The S&P Retail Index picked up 2.13 points to 436.16 after moving as high as 441.97 earlier in the day. The Dow, which rose more than 110 points before noon, gave back all of its gains and more, finishing at 10,190.89, a drop of 20.18 points or 0.2 percent.

Developments in Europe contributed to the gains in the morning as well as the declines in the afternoon. U.S. markets opened on the upswing after a report that industrial production in the Eurozone grew 0.8 percent in April compared with March, according to the European Union’s statistical office. Economists were expecting a milder 0.5 percent gain.

The report was seen as auguring well for a sustained, if slow, recovery in the Western Hemisphere, helping the CAC 40 move ahead 2 percent to 3,626.04 in Paris, the DAX push up 1.3 percent to 6,125 in Frankfurt and the FTSE 100 climb 0.7 percent to 5,202.13 in London.

Not long after European markets closed, Moody’s downgraded Greek government bonds to “Ba1” from “A3,” a four-notch drop that reignited fears of a credit crisis spreading throughout, and possibly beyond, Southern Europe. Moody’s said the rating shift indicates a greater, although still low, risk of a Greek default.

This spring, the European Union and the International Monetary Fund set up a $1 trillion bailout package for cash-strapped European countries, but investors are still worried about the stability of the region’s finances and the euro, which has fallen to four-year lows but gained about 1 cent Monday to $1.222.

“The package effectively eliminates any near-term risk of a liquidity-driven default and encourages the implementation of a credible, feasible and incentive-compatible set of structural reforms, which have a high likelihood of stabilizing debt service requirements at manageable levels,” said Sarah Carlson, Moody’s lead analyst for Greece. “Nevertheless, the macroeconomic and implementation risks associated with the program are substantial and more consistent with a ‘Ba1’ rating.”

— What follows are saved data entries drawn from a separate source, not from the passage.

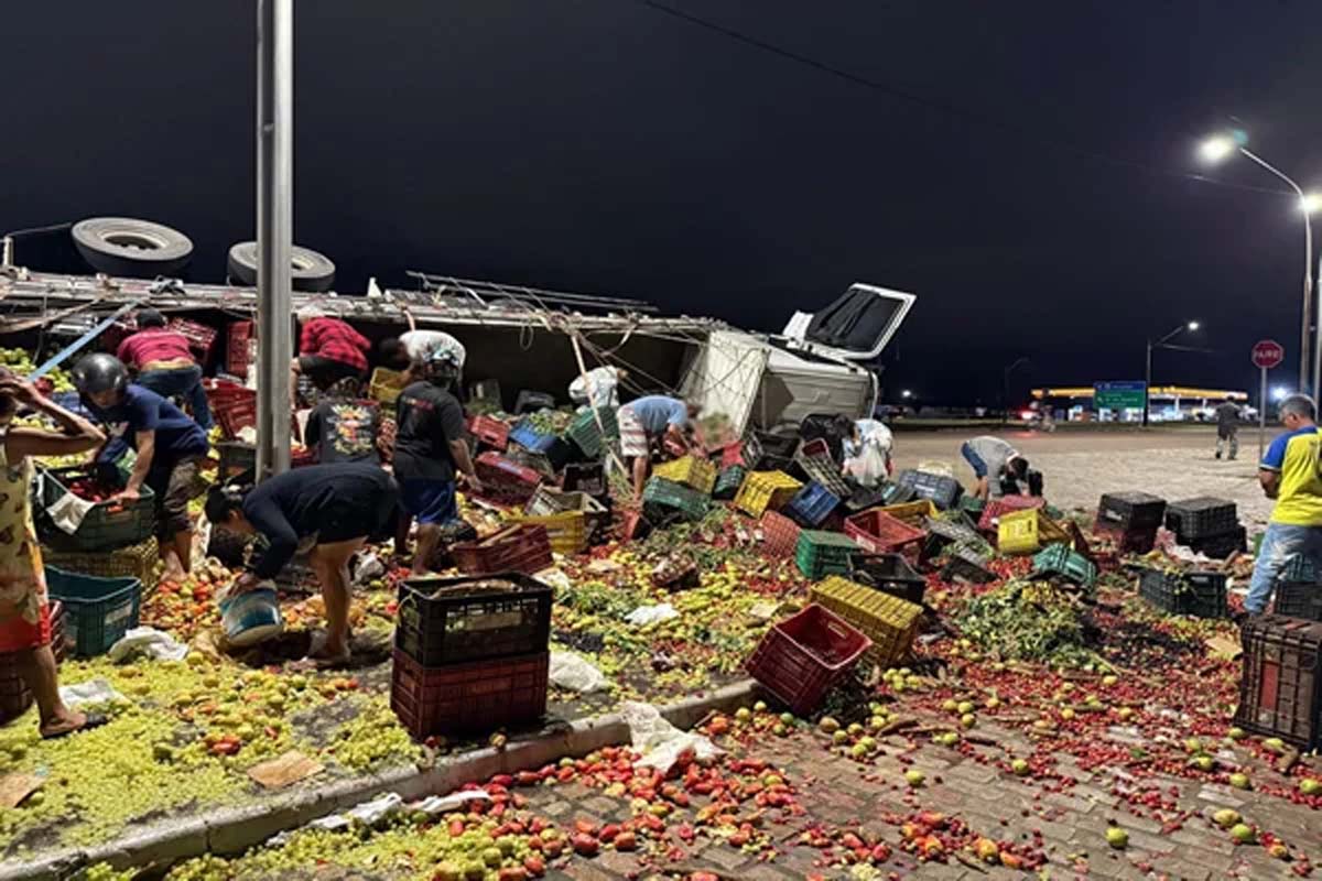 Imagens feitas por moradores da região mostram pessoas recolhendo frutas, como banana, melancia e manga, próximo ao caminhão tombado.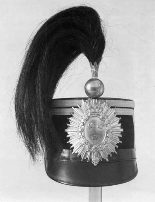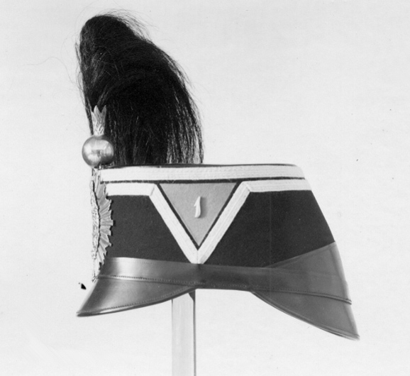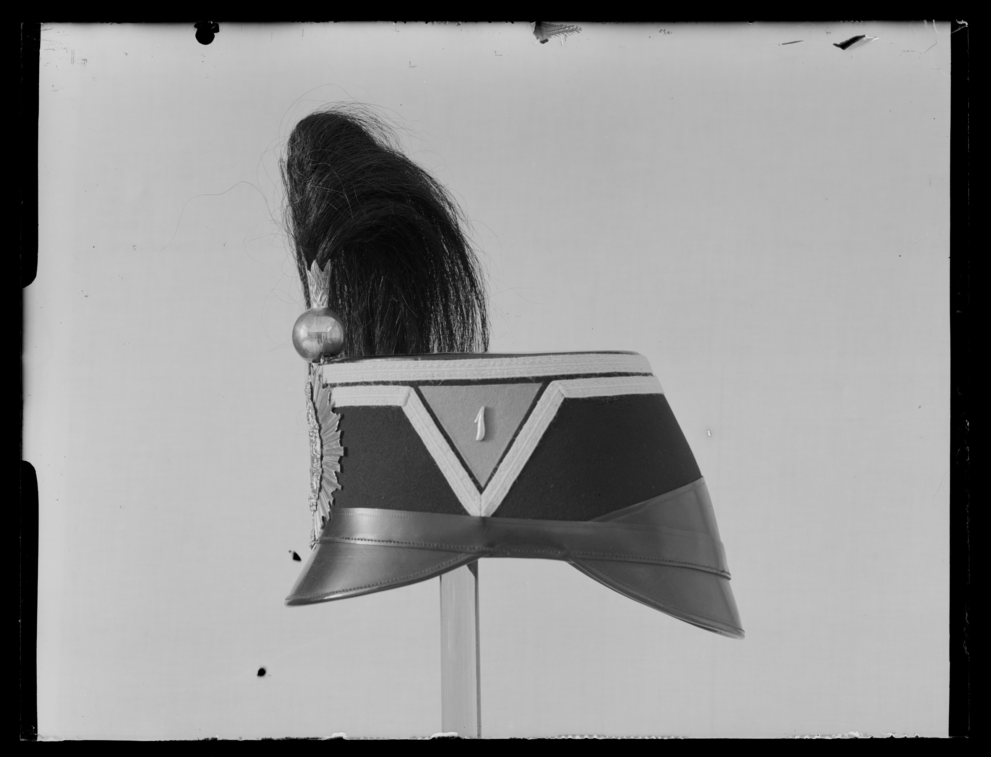 Kepy m: 1880. Invändigt klädd med mellanblått sidenfoder. I kullen stämplat firmanamn med guldtryck: "C. A. & AD EKS // Militärekiperingsaffär // STOCKHOLM". Svettrem 50 mm bred av ljusbrunt skinn med runduddad kant. L: 225 mm, b: 145 mm, vikt: 260 g.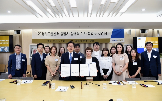 이재명 경기도지사는 1일 오후 경기도 북부청사 상황실에서 박민희 경기도콜센터 상담사 대표와 이런 내용을 담은 ‘120경기도콜센터 상담사 정규직 전환 합의문’에 서명했다.

Although the Moody’s action depressed the major indices, retail stocks were able to retain some of their gains. Conspicuous among those in positive territory was American Apparel Inc., the Los Angeles-based vertical retailer of trendy basic apparel, which saw its shares advance 55 cents, or 40.7 percent, to $1.90. The company had no news to report Monday, but its stock has been slowly coming back from a shellacking suffered since May 19, when shares were off 40.5 percent, to $1.63, after the company said it didn’t expect to be in compliance with a debt-to-adjusted EBITDA (earnings before interest, taxes, depreciation and amortization) covenant in its credit agreement with Lion Capital as of the end of this month. Lion provided American Apparel with $80 million in financing in March 2009, allowing it to pay off a $51 million loan from SOF Investment.

In Asia, Tokyo’s Nikkei 225 ended up 1.8 percent to 9,879.85 and Hong Kong’s Hang Seng Index increased 0.9 percent to 20,051.91.